Data File
Apply the recodes we did in lab 7 to the dataset using the syntax below.
#remember to set your working director
eb_pums <- readRDS("eb_pums_2000.rds")
library(dplyr)
eb_pums <- eb_pums %>% select(year, metaread, puma,
ownershp, builtyr, hhincome,
perwt, age, sex, race, hispan,
tranwork, carpool, trantime)
#Note: People of any race can also be Hispanic (Hispanic is not a race category),
#so when you recode Hispanics as ???4???, they will no longer be coded in the ???White,??? ???Black,??? or ???Asian??? categories.

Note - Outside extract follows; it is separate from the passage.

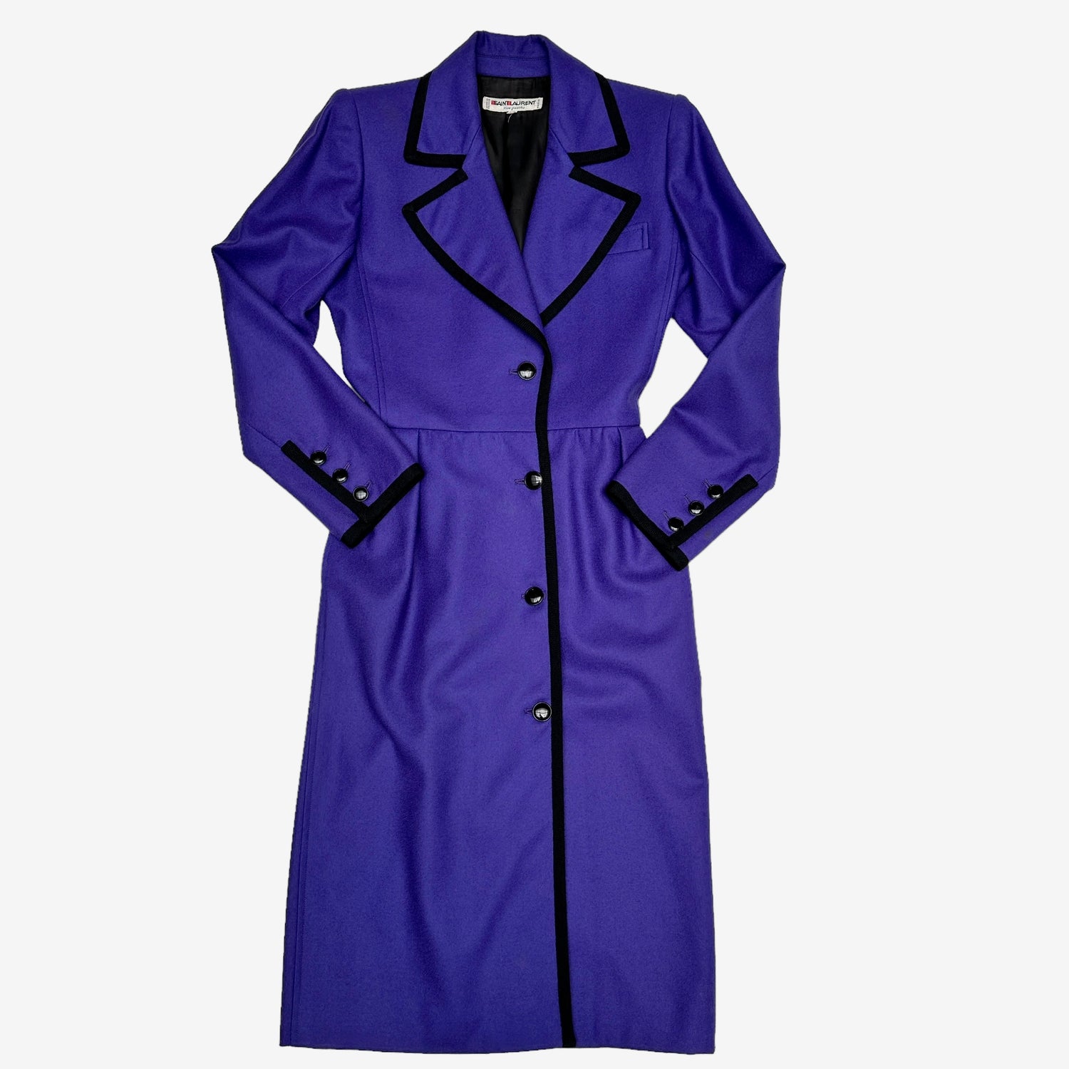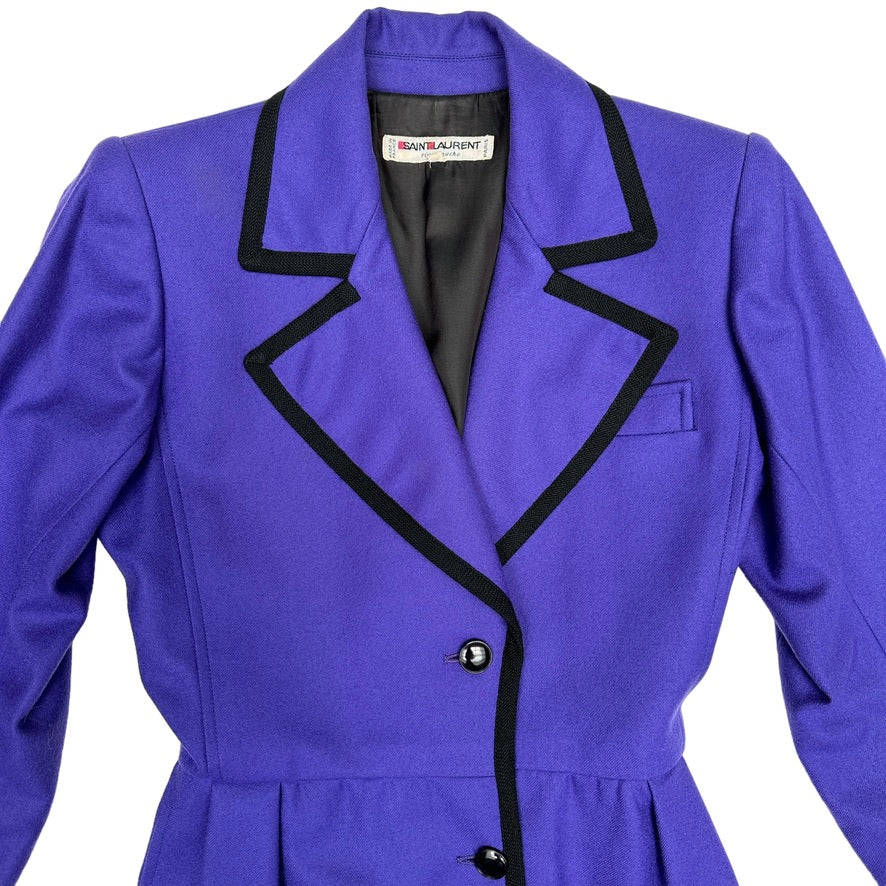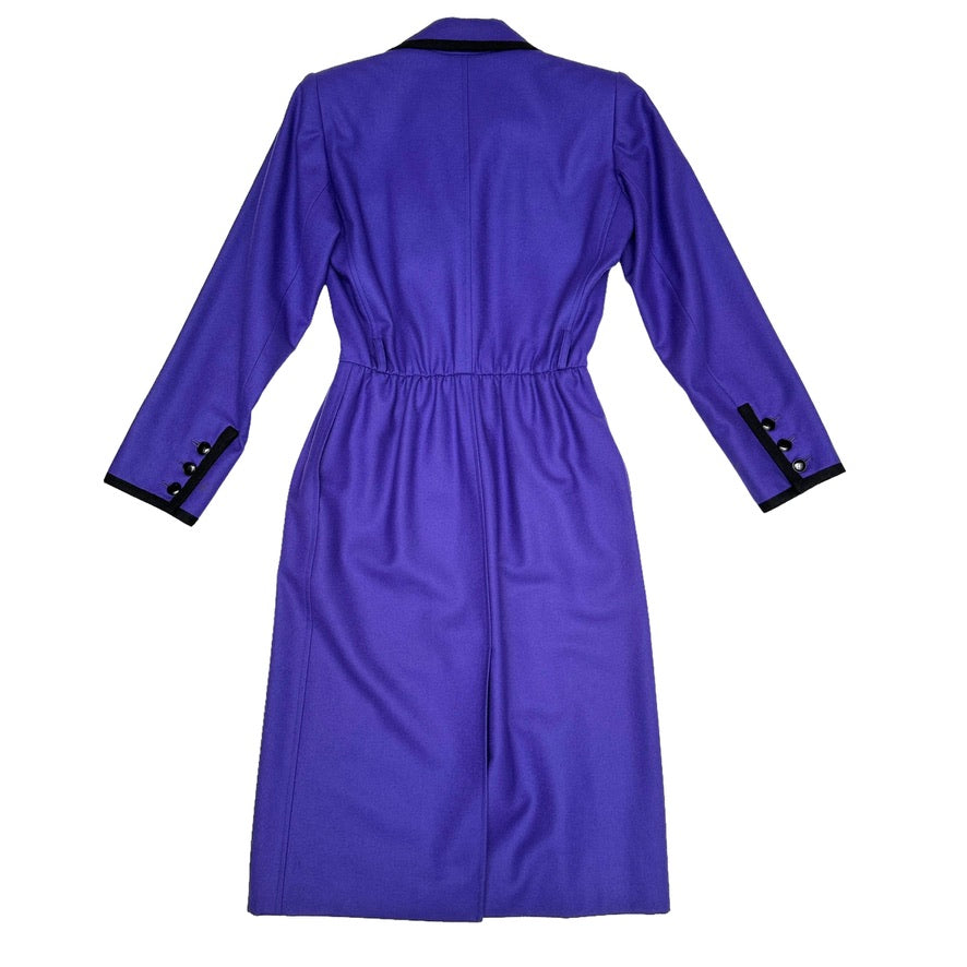 Yves Saint Laurent vintage purple coat. Long coat with pointed collar. Purple body with black trims. Button closure at front. Two pockets. Designer size 38.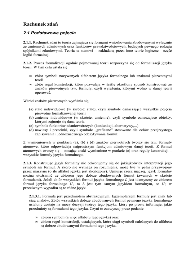 2.1.2. Proces formalizacji ogólnie pojmowanej teorii rozpoczyna się od formalizacji języka

#Rename a variable: metaread to detailed.meta.area
names(eb_pums)[2] <- 'detailed.meta.area'
eb_pums <- eb_pums %>% mutate(
race=as.character(race),
hispan=as.character(hispan),
racehisp=case_when(
race=="Chinese" ~ "Asian",
race=="Japanese" ~ "Asian",
race=="Other Asian or Pacific" ~ "Asian",
race=="White" ~ "White",
race=="Black" ~ "Black",
race=="American Indian or Alaskan" ~ "American Indian or Alaskan",
hispan != "Not Hispanic" ~ "Hispanic",
TRUE~"Other"))
table(eb_pums$racehisp)
##
## American Indian or Alaskan Asian
## 771 20391
## Black Hispanic
## 13978 12163
## Other White
## 5032 65109
# recode modes (https://usa.ipums.org/usa-action/variables/TRANWORK#codes_section)
eb_pums <- eb_pums %>%
mutate(
tranwork = as.integer(tranwork),
mode = case_when(
tranwork %in% c(10, 11, 12, 13, 14, 15, 20) ~ "driving",
tranwork %in% c(30, 31, 32, 33, 34, 35, 36) ~ "transit",
tranwork %in% c(40, 50) ~ "bike/walk",
tranwork %in% c(60, 70) ~ "other",
TRUE ~ as.character(NA)
)
)
table(eb_pums$mode)
##
## bike/walk driving other transit
## 1993 44456 2647 5512
# recode modes (https://usa.ipums.org/usa-action/variables/TRANWORK#codes_section)
eb_pums <- eb_pums %>%
mutate(
builtyr2 = case_when(
as.integer(builtyr) %in% c(2, 3) ~ "0-10",
as.integer(builtyr) == 4 ~ "11-20",
as.integer(builtyr) == 5 ~ "21-30",
as.integer(builtyr) == 6 ~ "31-40",
as.integer(builtyr) == 7 ~ "41-50",
as.integer(builtyr) == 8 ~ "51-60",
as.integer(builtyr) == 9 ~ "61+"
)
)
table(eb_pums$builtyr2)
##
## 0-10 11-20 21-30 31-40 41-50 51-60 61+
## 11972 16540 20612 19808 18865 10439 15355
## Recode income and tenure
eb_pums <- eb_pums %>%
mutate(
increc = ifelse(eb_pums$hhincome <=0 | eb_pums$hhincome >= 999999, NA, hhincome),
tenure = recode(ownershp, `1`="Owned", `2`="Rented", .default=as.character(NA))
)
table(eb_pums$tenure)
##
## Owned Rented
## 73871 41432
# Save your recoded data frame
saveRDS(eb_pums, file="eb_pums_2000_recoded.rds")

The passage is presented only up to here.